Note:  If you opt to create Linux logon to Keyfactor user mapping using Active Directory groups, be aware that the key count values shown on the Logons grid will not reflect the keys associated with the members of the groups.

Figure 356: Creating Linux Logon to Keyfactor User Mappings Using Active Directory Groups Key Value

To delete a logon, highlight the row in the logons grid and click Delete at the top of the grid or right-click the logon in the grid and choose Delete from the right-click menu.

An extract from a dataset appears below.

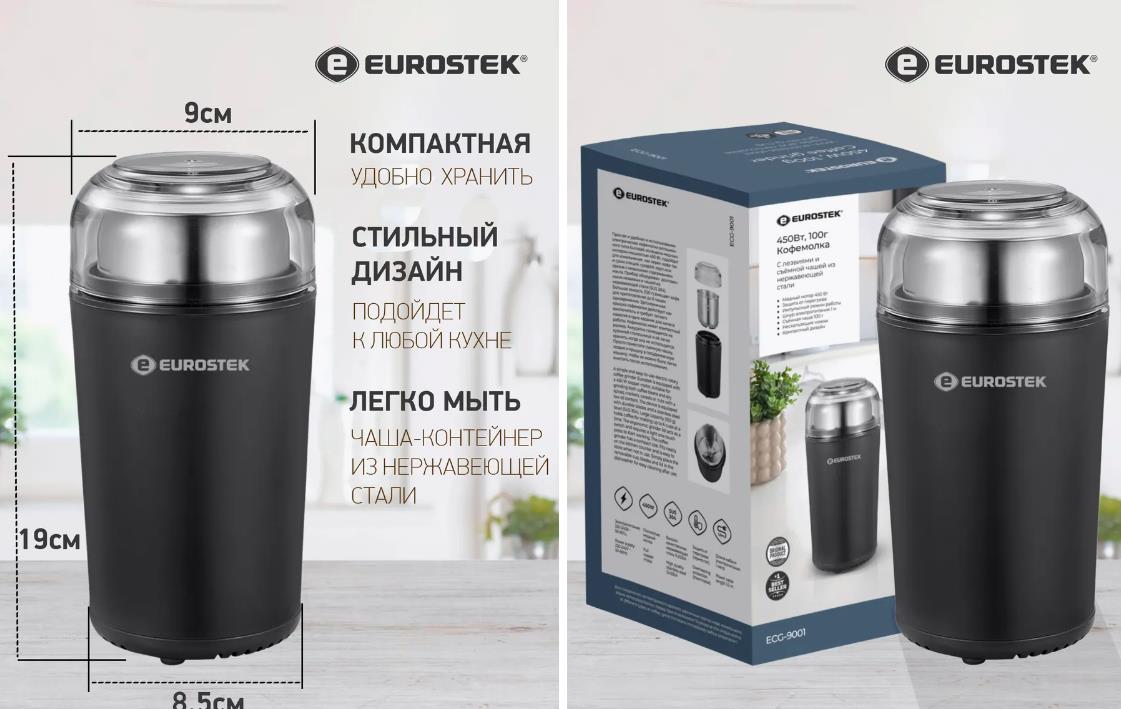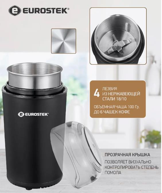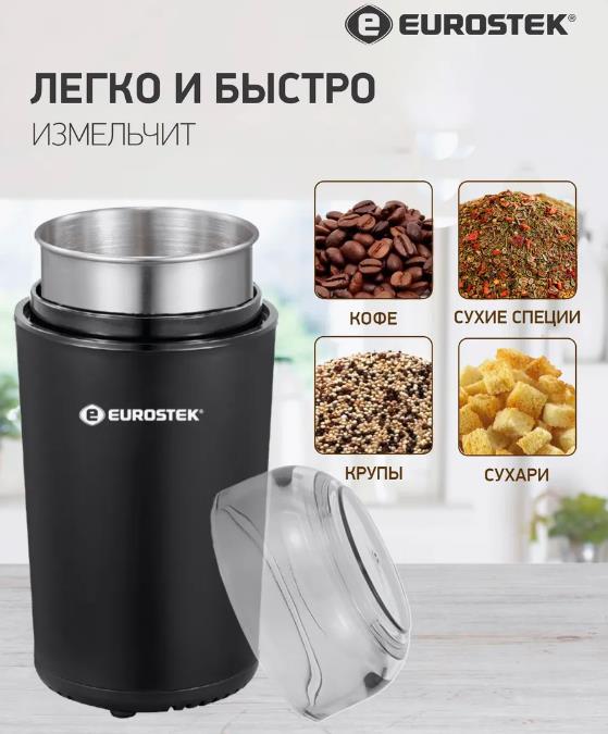Кофемолка Eurostek ECG-9001 (100 г/450 Вт /черный) - Интернет-магазин ОЛИМП: бытовая техника, электроника, товары для дома и др.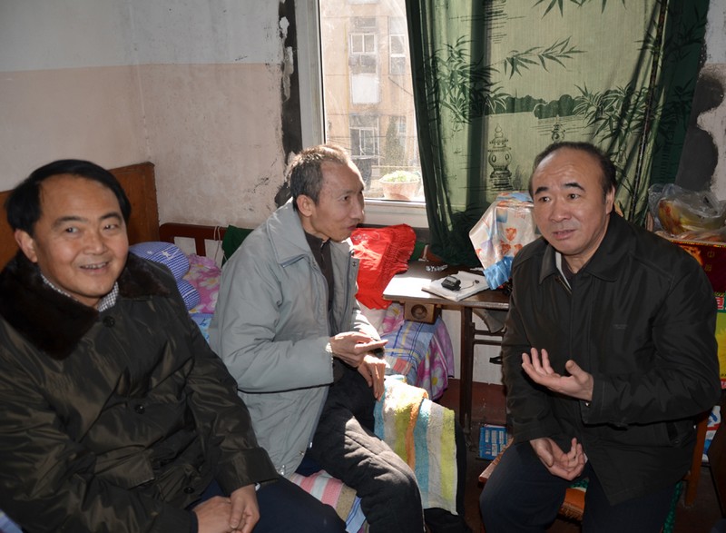 方达副局长和张明文主席在困难职工肖国庆同志家慰问。

Note:  Deleting a logon in Keyfactor Command does not delete it on the Linux server. It must be manually removed from the Linux server at the same time. If this is not done, when the next inventory of the Linux server is performed, the logon will be recreated in Keyfactor Command. This function is intended primarily to be used to clean up logons from SSH servers that have been retired.
Tip:  Click the help icon () next to the page title to open the Keyfactor Software & Documentation Portal to this section. You will receive a prompt indicating:

You are being redirected to an external website. Would you like to proceed?

You can also find the help icon () at the top of the page next to the Log Out button. From here you can choose to open either the Keyfactor Software & Documentation Portal at the home page or the Keyfactor API Endpoint Utility.

Keyfactor provides two sets of documentation: the On-Premises Documentation Suite and the Managed Services Documentation Suite. Which documentation set is accessed is determined by the Application Settings: On-Prem Documentation setting (see Application Settings: Console Tab).